[WHAT TO DO]
The reply is a verbatim copy of the listing below with its images dropped.
====== DATA EXTRACT
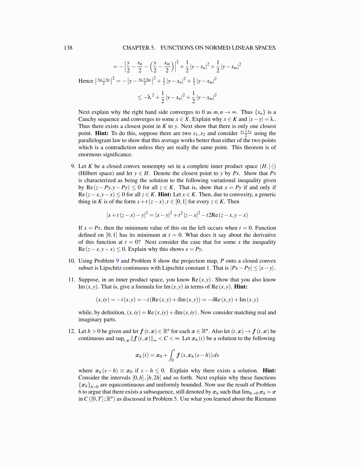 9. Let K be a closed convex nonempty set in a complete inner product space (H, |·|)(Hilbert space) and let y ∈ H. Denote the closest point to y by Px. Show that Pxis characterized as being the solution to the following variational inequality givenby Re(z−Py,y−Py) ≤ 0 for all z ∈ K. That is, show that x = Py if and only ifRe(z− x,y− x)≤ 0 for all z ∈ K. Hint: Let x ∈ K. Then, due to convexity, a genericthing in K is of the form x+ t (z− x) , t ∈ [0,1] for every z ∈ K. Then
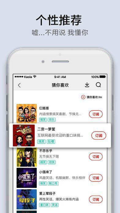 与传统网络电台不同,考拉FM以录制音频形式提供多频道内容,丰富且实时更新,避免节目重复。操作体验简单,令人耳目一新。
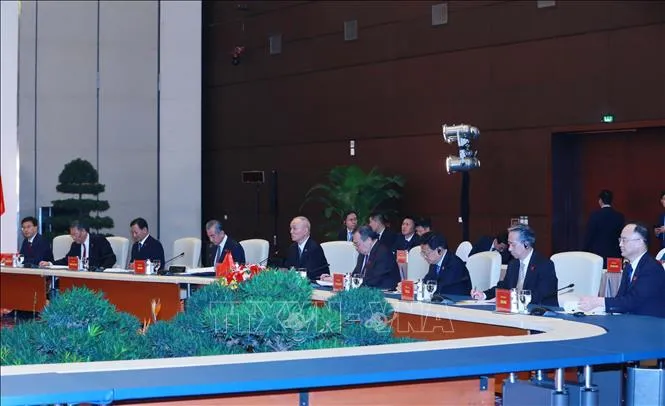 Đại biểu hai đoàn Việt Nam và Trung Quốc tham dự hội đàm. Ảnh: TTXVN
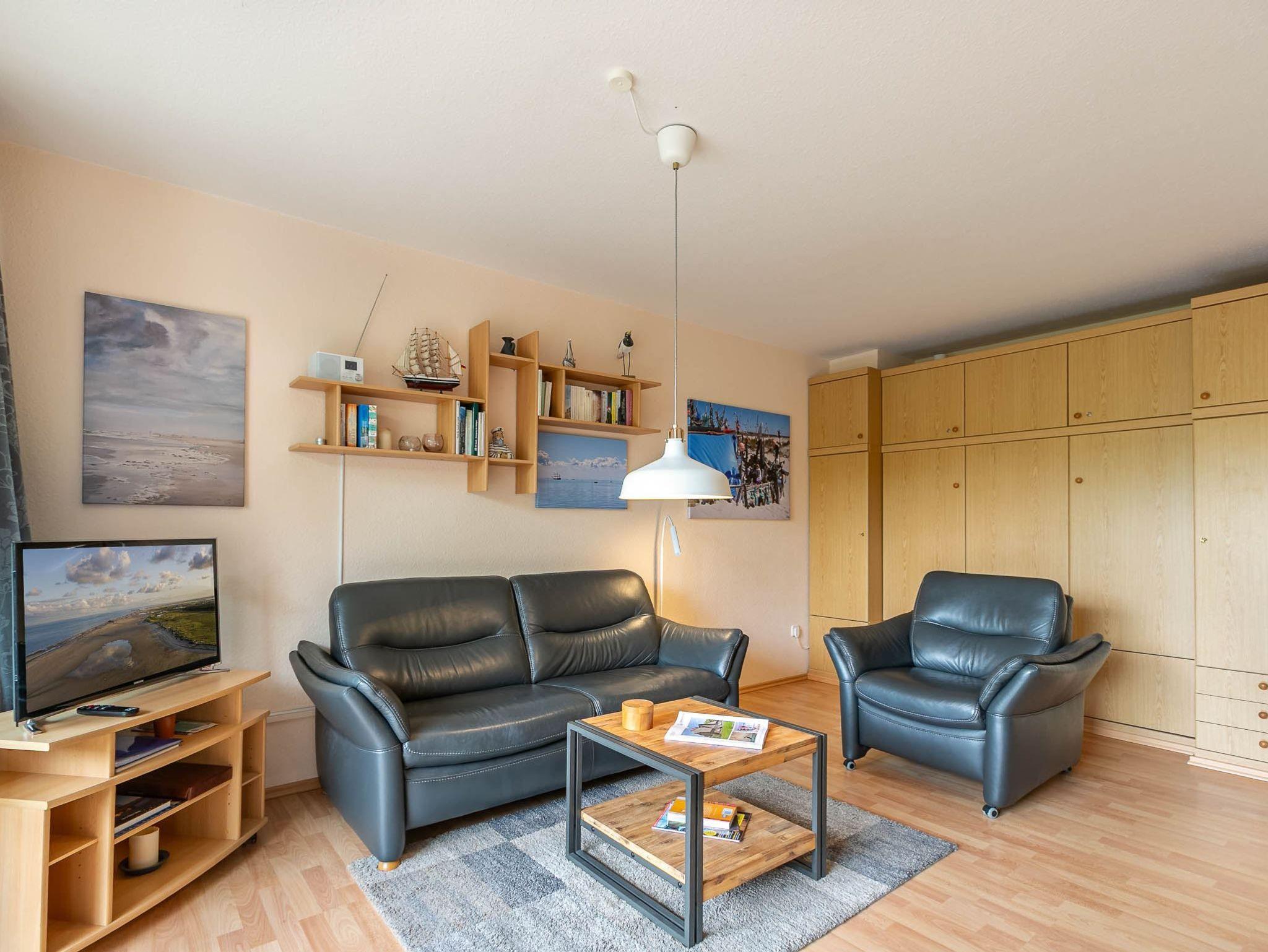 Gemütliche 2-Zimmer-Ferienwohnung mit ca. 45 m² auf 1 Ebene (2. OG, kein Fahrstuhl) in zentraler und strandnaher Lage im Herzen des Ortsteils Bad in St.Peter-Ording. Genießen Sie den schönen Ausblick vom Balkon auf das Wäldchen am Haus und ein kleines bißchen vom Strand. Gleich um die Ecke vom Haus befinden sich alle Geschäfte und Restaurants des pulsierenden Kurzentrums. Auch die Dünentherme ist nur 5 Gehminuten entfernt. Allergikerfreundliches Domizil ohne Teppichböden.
============
[EXPECTED ANSWER]
 9. Let K be a closed convex nonempty set in a complete inner product space (H, |·|)(Hilbert space) and let y ∈ H. Denote the closest point to y by Px. Show that Pxis characterized as being the solution to the following variational inequality givenby Re(z−Py,y−Py) ≤ 0 for all z ∈ K. That is, show that x = Py if and only ifRe(z− x,y− x)≤ 0 for all z ∈ K. Hint: Let x ∈ K. Then, due to convexity, a genericthing in K is of the form x+ t (z− x) , t ∈ [0,1] for every z ∈ K. Then
 与传统网络电台不同,考拉FM以录制音频形式提供多频道内容,丰富且实时更新,避免节目重复。操作体验简单,令人耳目一新。
 Đại biểu hai đoàn Việt Nam và Trung Quốc tham dự hội đàm. Ảnh: TTXVN
 Gemütliche 2-Zimmer-Ferienwohnung mit ca. 45 m² auf 1 Ebene (2. OG, kein Fahrstuhl) in zentraler und strandnaher Lage im Herzen des Ortsteils Bad in St.Peter-Ording. Genießen Sie den schönen Ausblick vom Balkon auf das Wäldchen am Haus und ein kleines bißchen vom Strand. Gleich um die Ecke vom Haus befinden sich alle Geschäfte und Restaurants des pulsierenden Kurzentrums. Auch die Dünentherme ist nur 5 Gehminuten entfernt. Allergikerfreundliches Domizil ohne Teppichböden.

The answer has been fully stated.